- _WHAT TO DO_: In the entries below, find the line with "Новая имитация шерсти" and the line with "#悟空斗妖王 #每一帧都是壁纸 #游戏杂谈". Repeat exactly everything between them, those two lines included, but not the pictures.

- _MATERIAL FOR THIS TASK_:
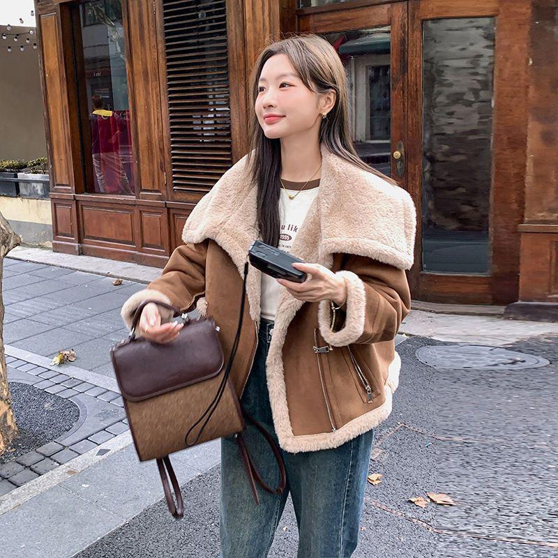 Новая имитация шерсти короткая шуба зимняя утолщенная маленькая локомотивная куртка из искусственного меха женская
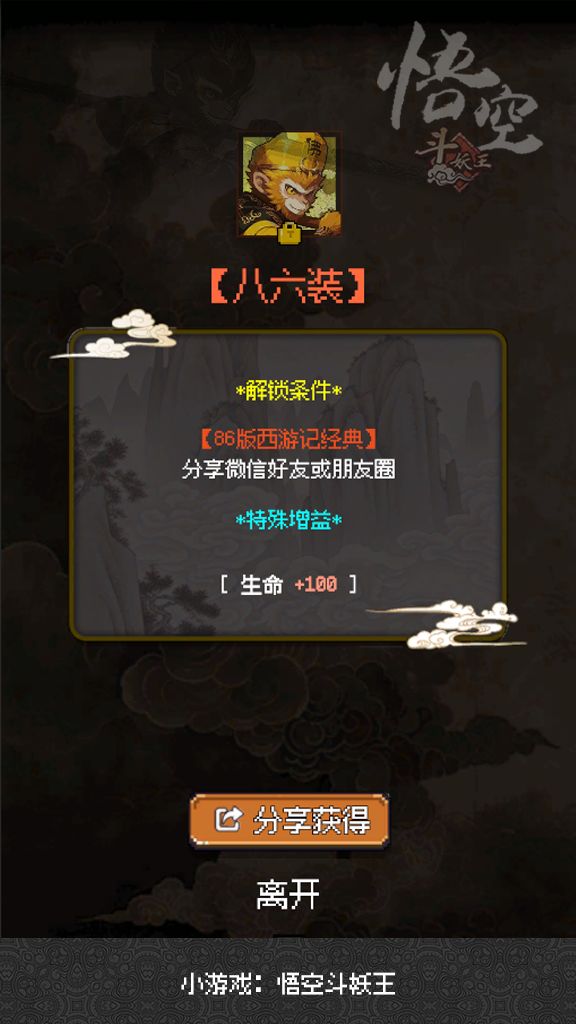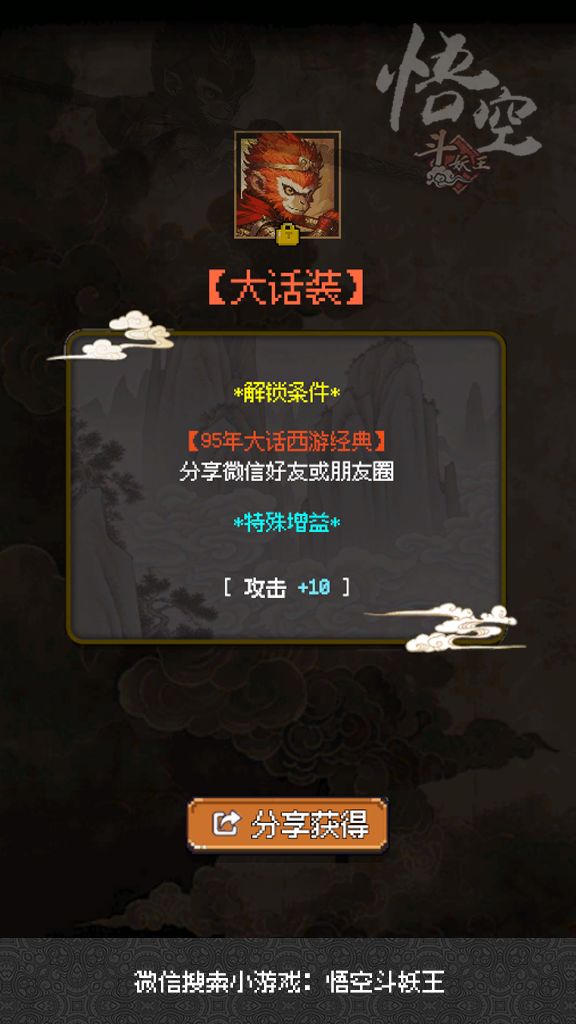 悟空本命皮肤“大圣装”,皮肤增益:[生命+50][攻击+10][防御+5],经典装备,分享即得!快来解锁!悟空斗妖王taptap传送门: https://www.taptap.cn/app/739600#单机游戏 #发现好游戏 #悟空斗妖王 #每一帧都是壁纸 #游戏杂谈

* * *

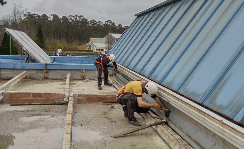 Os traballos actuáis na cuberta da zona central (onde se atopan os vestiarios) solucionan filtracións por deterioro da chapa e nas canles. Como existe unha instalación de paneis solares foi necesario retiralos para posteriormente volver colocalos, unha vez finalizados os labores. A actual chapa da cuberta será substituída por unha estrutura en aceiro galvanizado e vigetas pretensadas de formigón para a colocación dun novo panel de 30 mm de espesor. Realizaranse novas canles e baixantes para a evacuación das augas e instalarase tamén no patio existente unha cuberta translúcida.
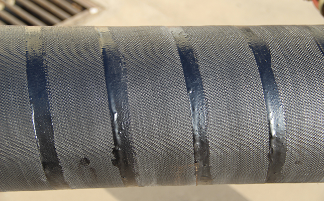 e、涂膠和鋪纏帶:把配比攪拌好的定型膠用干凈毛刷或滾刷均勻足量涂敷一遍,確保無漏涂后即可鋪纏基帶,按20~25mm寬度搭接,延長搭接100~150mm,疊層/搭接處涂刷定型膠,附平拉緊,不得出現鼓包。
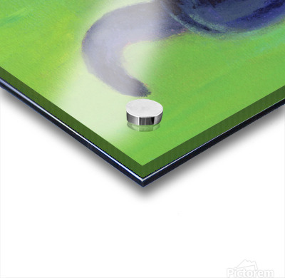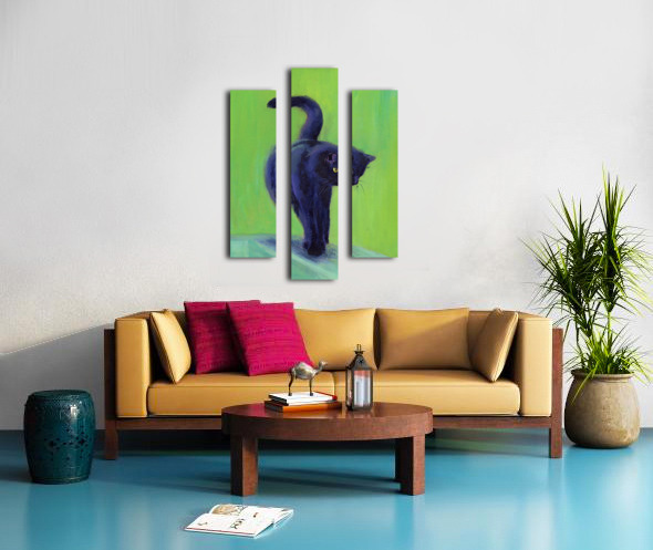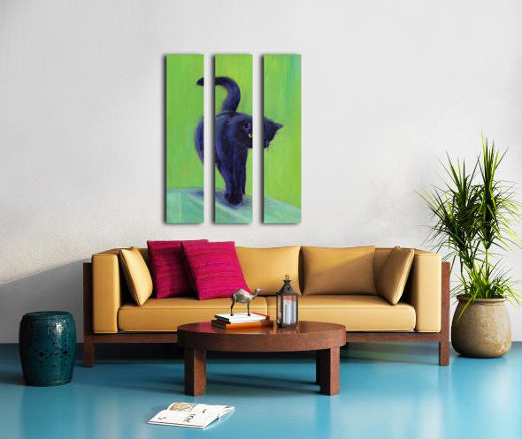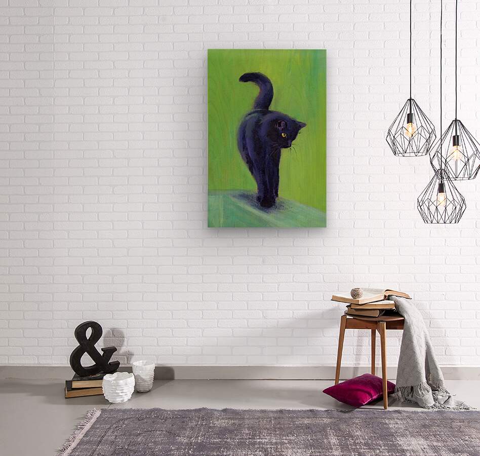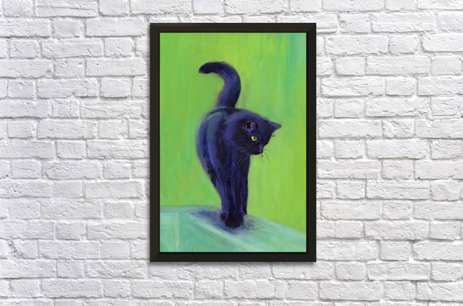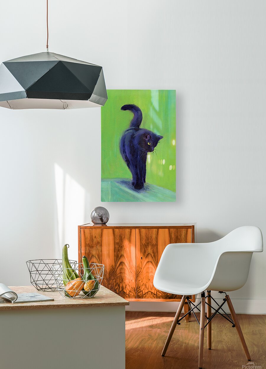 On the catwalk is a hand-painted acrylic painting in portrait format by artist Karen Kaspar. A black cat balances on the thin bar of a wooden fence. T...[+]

- _WRITTEN ANSWER_:
 Новая имитация шерсти короткая шуба зимняя утолщенная маленькая локомотивная куртка из искусственного меха женская
 悟空本命皮肤“大圣装”,皮肤增益:[生命+50][攻击+10][防御+5],经典装备,分享即得!快来解锁!悟空斗妖王taptap传送门: https://www.taptap.cn/app/739600#单机游戏 #发现好游戏 #悟空斗妖王 #每一帧都是壁纸 #游戏杂谈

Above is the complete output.